Сегодня был четвертый раз, когда ноги принесли её в больницу. На дворе был декабрь и близилось Рождество, и Цилла понятия не имела, о чем писать в статье на эту тему. Ей посоветовали обратиться к семье, ведь Рождество и семья - это, по сути, синонимы. Но, разумеется, это было жалким оправданием для самой себя, нежели реальная причина.
- Это снова я, - Цилла улыбается уголками губ при виде сонной Марии с всклоченными волосами, пряди которых выбивались из кос. - Как спалось? - Салем прикусила нижнюю губу, делая себе мысленный выговор за лицемерие. Мария все равно ей не ответит. Марию наверняка мучают кошмары, как и её саму.
- Давай переплету тебе волосы. - Цилла меняет тему довольно резко, кладет сумку на стул и обходит кровать, чтобы заняться прической. У неё почти никогда не хватало терпения на длинные волосы, они рвались и секлись, но волосы Марии были густыми и приятными на ощупь. Вплетая пряди, Цилла уходила глубоко в свои мысли, думая о том, что Мария этого не заслуживала, а если и так, то заслуживала большего внимания, а не быть выброшенной за пределы семейного круга. У неё хорошо получались бытовые чары, она бы могла сама заколдовывать себе чудесные прически. Или же все вместе, как нормальные сёстры, она, Пэгэн и Камилла, могли делать прически друг другу. Казалось бы, такая мелочь, но как много значила бы она в детстве. Где-то глубоко в душе Цилла жалела, что у неё не было младшей сестры или старшего брата, пускай Николас и стал им для неё. Вместо же этого, семья их стравливала, заставляла грызть друг друга, мучить...
- Приска, - тонкий бесцветный голос разрезает пространство подобно ножу масло. Салем возвращается в реальность и слегка вздрагивает. Ей показалось? - Приска? - повторяет всё тот же голос, и Цилла отстраняется, отпуская косы и ощущая, как вновь дрожат кончики её пальцев.
Мария не двигается. Кажется, она вспомнила имя... Её имя? Никто, кроме кузенов не называл её так в детстве, признаться, её до ужаса бесило это имя тогда, и она уже давно не слышала его ни от единой души.
- Что ты... Что ты сказала? - Её собственный голос дрожит, но Мария даже не смотрит на неё и начинает снова играть со своими глупыми куклами.
У Циллы перехватывает дыхание. Отступив к двери, она рывком подхватила сумку и вылетела из палаты, затем нервно прошла в одну сторону, после - другую, прежде чем осесть без сил на стул и обнять сумку, устроив её на коленях, как-то даже по-детски.
Что напугало её больше? - что Мария вспомнила её? Или же то, что Цилла вспомнила, кто она на самом деле? Что она вовсе не тот хороший человек, которым была в глазах... [хватит, перестань о нём думать].
А она ведь совсем забыла.
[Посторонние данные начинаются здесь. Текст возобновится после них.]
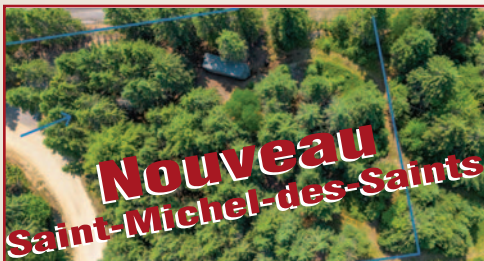
ACCÈS NOTARIÉ AU LAC TAUREAU, CH. CAROLINE, 41,800 P 2 , ENTRÉE EN GRAVIER, PLAN D'IMPLANTATION SEPTIQUE 2022, #27999594, 112 000 $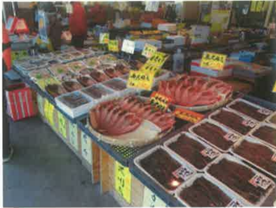
P 昼食後、ら・ら・ミュウで買い物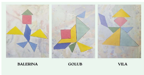
| Prikaz nastalih likova i pozadine

je bilo vrlo izazovno jer se neki od likova ponavljaju, a likovne površine su se mijenjale i sve je trebalo složiti smisljeno.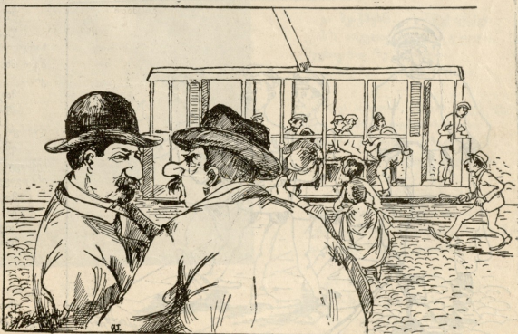
—სავერეგლია, რად უკვას ჩემ ტრამაის ვაგონში ხალხს უპებელად თქიდან ჩა- ჯლომა, საითაც ვახათ გადებული —ამიტომ რომ ვერ ისევე ვახს რეკობენ უთფინს.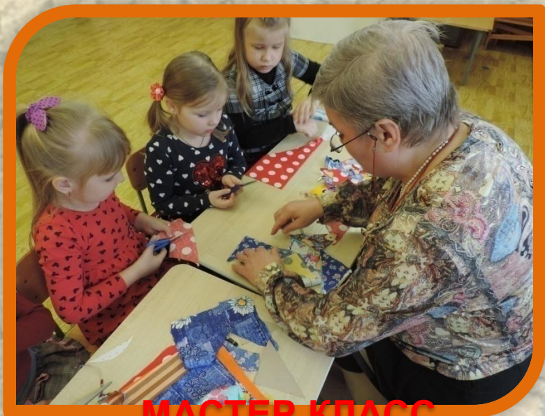
МАСТЕР-КЛАСС для девочек «Лоскутное шитье»

Забыла тот день, то, как ей нравилось происходящее, как она упивалась... властью? Цилла зажмурилась на мгновение и когда открыла глаза, перед ней заплясали чёрные круги.
Ей стало дурно. К горлу подступил тошнотворный комок. Через мгновение всё затихло и притихла сама Цилла.
Резко вскинув голову, Салем столкнулась со взглядом Лиз - она и не заметила, как та подошла.
- Привет. - Собственный голос звучит глухо и будто ей не принадлежит. Прокашлявшись, она отвечает:
- То, что мне сейчас нужно.
В нормальной ситуации Присцилла бы отказалась. Наверное. Но Элизабет была женой Калеба, и Цилу все еще не покидала та мысль, что посетила её на их свадьбе. Выбор бара Салем оставила за Бёрк. Было странно идти рядом с ней по лестнице вниз, затем - по улице, после - сидеть за одним столиком в ожидании заказа.
- Так... давно ты работаешь в Мунго? - Вопрос скорее из вежливости, чтобы начать как-то разговор.
Цилла не уверена, что хочет выливать на Элизабет какие-либо из своих переживаний, но хранить их в себе кажется уже практически невозможно.
И станет совсем невозможно, если Цилла как следует выпьет.